Discovering the Sacred Valley – Guest blog by Ben Garcia, Nomade Unique Experiences
Peru, the most iconic destination in South America, home of Machu Picchu and the heritage of the Incan Empire, a gastronomy that inherited its innovation, mix and flavours from Peru’s history, and nature that excites. But there’s much more to explore, there’s a unique and authentic side of Peru, a place that maintains the way of life and traditions from the past, where time is much slower, and the people welcome you with open arms, this is the Sacred Valley of the Incas.
The Sacred Valley is between the towns of Pisac and Ollantaytambo, parallel to the river Vilcanota. It is composed of many rivers flowing down gullies and valleys, has numerous archaeological monuments and indigenous peoples, plus the amazing nature of the Andes mountain range. This valley was appreciated by the Incas because of its special geographical and climatic qualities. It was one of the main production sites for the richness of their land and place where it produces the best maize in Peru. All the Sacred Valley of the Incas is also a natural setting, where besides appreciating the archaeological wealth, is an ideal place to enjoy its rich flora and fauna, bird watching, and adventure sports.
Explore the influence of Morai, circular terraces that the Inca used to adapt crops to altitude, in the expansion of the Incan Empire, or visit the Salt mines of Maras to discover how hot mineral water comes out of the mountain to provide a way of living for hundreds of families in the area.
My last visit was last June with explora Valle Sagrado, where I had the chance to explore the sacred valley for two full days. Not only did we visit the most iconic highlights of the Sacred Valley but also met some amazing people that today can find a way of living by proudly using their heritage and traditions to immerse travellers into their culture.
Our first day started at a small community named Puquer Bajo, 3,700 metres above sea level, where a group of Peruvian women weave amazing textile pieces to be sold in Chincheros Market. They were generous enough to show us the processes that have to take place to reach the level of quality, colour and size, all with ancient knowledge.

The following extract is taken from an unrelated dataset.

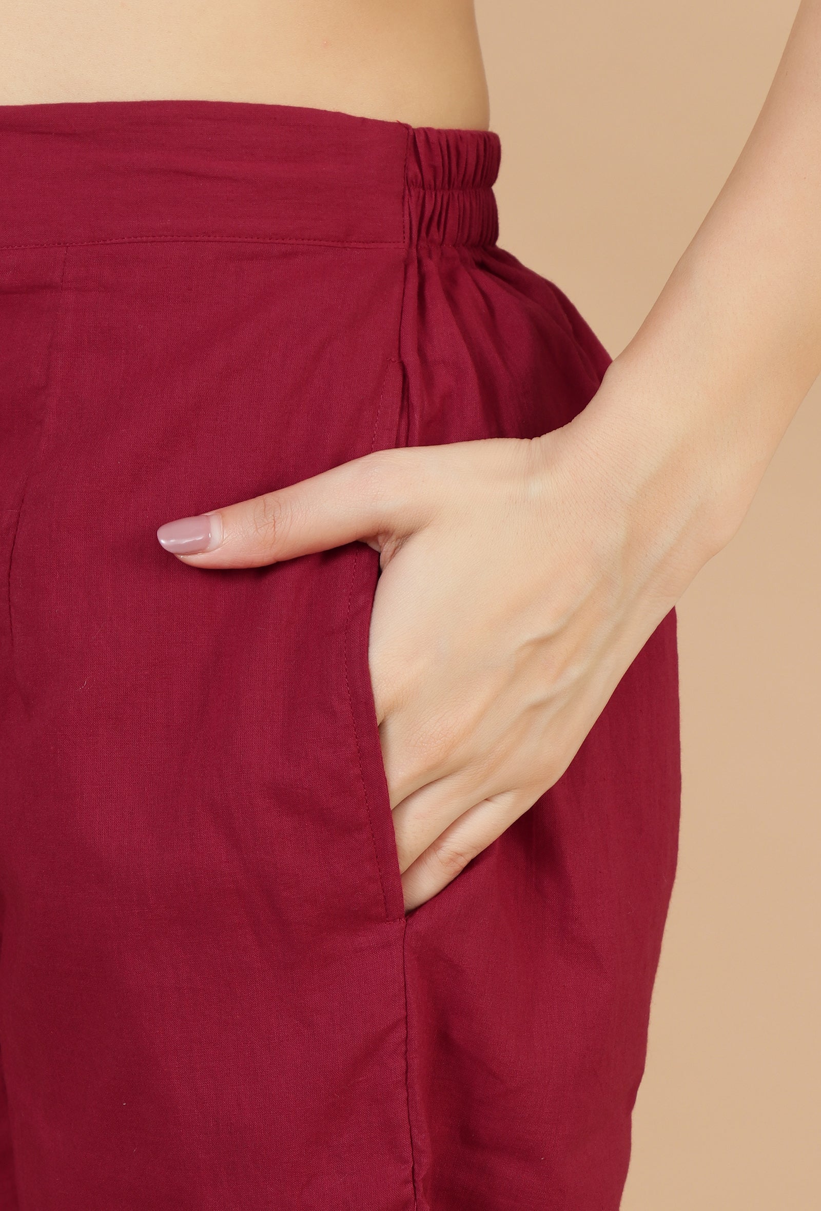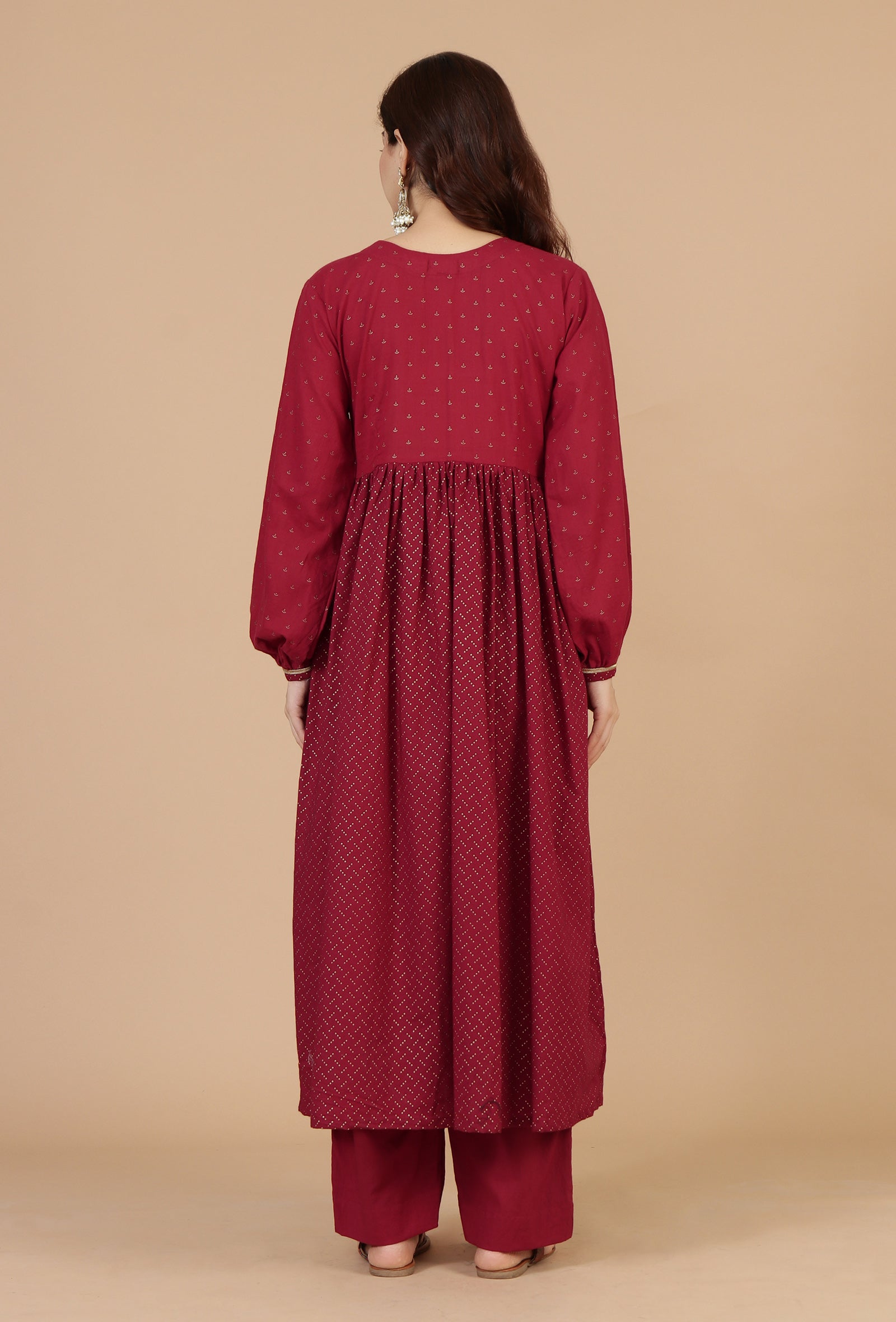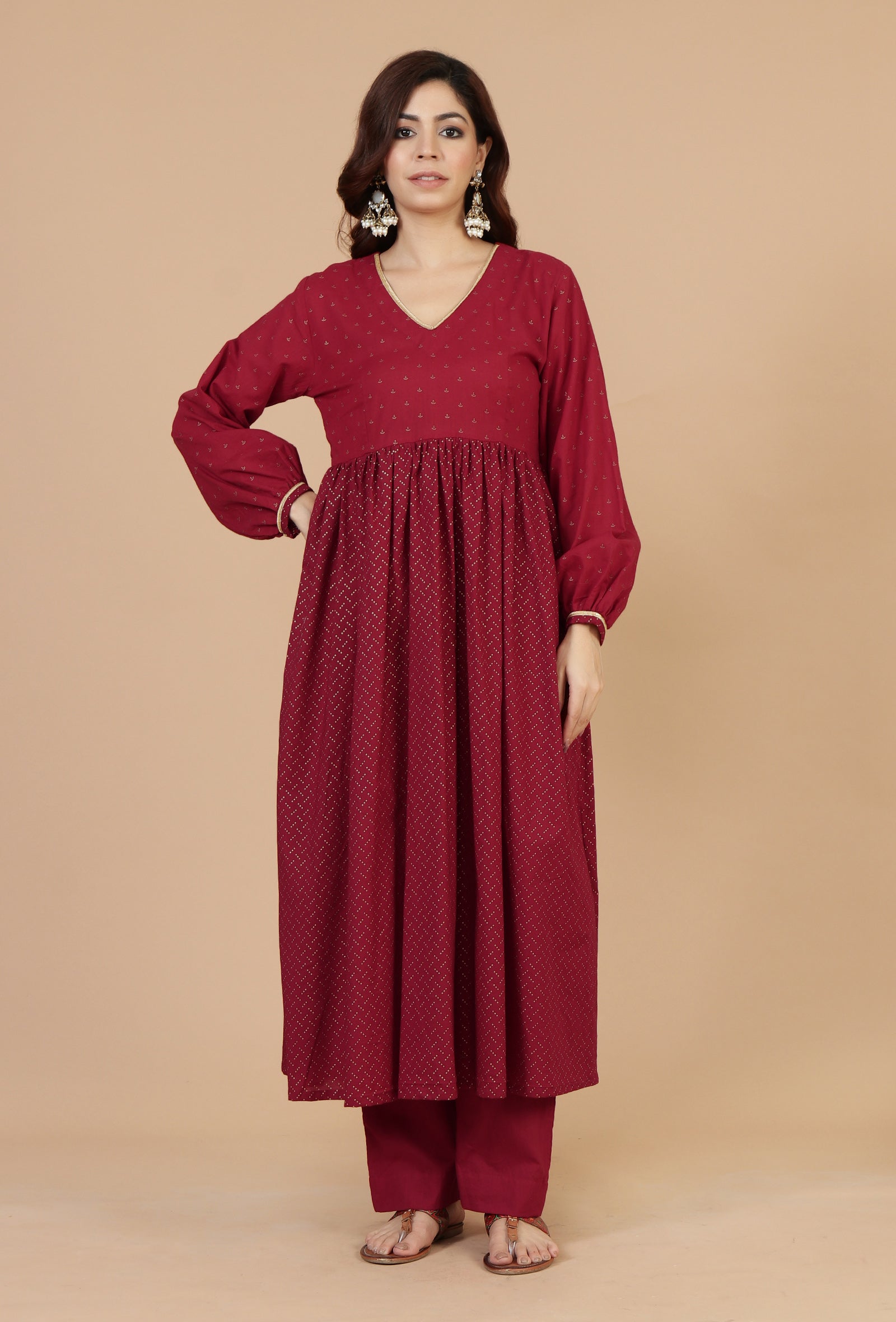 Elevate your ethnic wardrobe with this elegant set featuring a maroon empire-line kurta adorned with subtle golden motifs and delicate gota detailing on the sleeves. Paired with solid cotton straight pants, this ensemble blends traditional charm with everyday comfort—perfect for festive gatherings or casual celebrations.

With some new knowledge acquired, we set off on a 5K hike towards the town of Chincero, and even though the terrain was not technical at all the altitude took its toll, with more than one person in the group feeling the effects of altitude sickness. Thankfully, more than one encounter with local kids (totally acclimatised to the conditions) gave us the strength to keep going and reach the town of Chincheros from higher ground, which allows us to walk its streets and understand better the way of life in the Sacred Valley.
After two and half hours, we reached the main square of Chinchero, where a 500-year-old church built on top of an Incan temple welcomes the community every Sunday, not only to worship their god but also to see friends and sell their produce.

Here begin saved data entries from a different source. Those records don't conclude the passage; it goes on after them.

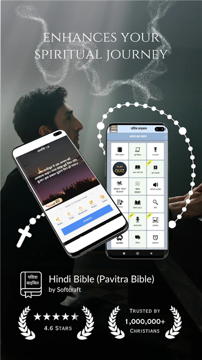 • This unique app contains both the Old Testament and New Testament in Hindi and English, offering a convenient and inspiring way to read, listen, and share God’s Word anytime, anywhere.
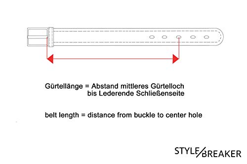 – La longitud del cinturón es la distancia entre el orificio central y el extremo de cuero en el lado del cierre
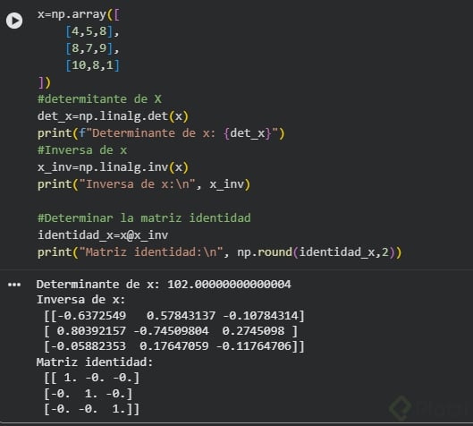 # Inversa de MM_inversa = np.linalg.inv(M)print("Inversa de M:\n", M_inversa)# Comprobación: M @ M_inversa ≈ II_calc = M @ M_inversa

Visiting Chincheros market will not disappoint in any way, some of the best textile pieces I have bought during my travels have been here, make sure you visit the market on a Sunday if you are there. To continue our exploration of the best markets in the area we finished our day by visiting Pisac, home of the probably the biggest market in the Sacred Valley, where people from all over the area gather to sell and buy their products and handicrafts. Make sure to also visit Pisac archaeological site, which will impress with both its construction and setting.
Our second day we embarked on a trip to the past, visiting a small community 300 metres higher than the ruins of Morai. Our hike downhill took us through some local areas that not many have the chance to visit, including the local school which was one the highlights of my trip; meeting the children and having a closer look at their way of life. From here took us around one hour to reach Morai, but instead of arriving at the main entrance, we reached the site from behind, allowing us to see the complete circular construction in all its glory, with no one around. This is a privilege only made possible by the way explora set up their exploration routes, avoiding the crowds and making sure you can experience the remoteness and greatness of the place. We even had the chance to set foot inside one of the smaller circular constructions, which allows a unique point of view.
At lunchtime, explora surprised us with an outdoor set up in between some bushes that allowed us to relax and taste some of the famous local traditional Peruvian recipes.
Then it was time to visit one the most impressive sites of Sacred Valley, the salt mines of Maras, where hundreds of shallow pools with salt water eventually evaporate and leave behind crystallised salt, a process that’s been practised for over 500 years. Walking in between the pools makes you understand the size of this place and its importance to the economy of hundreds of families that will consider this salt as their main source of income.
We finished our exploration of the Sacred Valley at explora Valle Sagrado, a perfect base from where you can explore the Sacred Valley of the Incas, with local guides and high levels of flexibility, allowing every traveller to design and choose the way they want to explore and discover this amazing destination.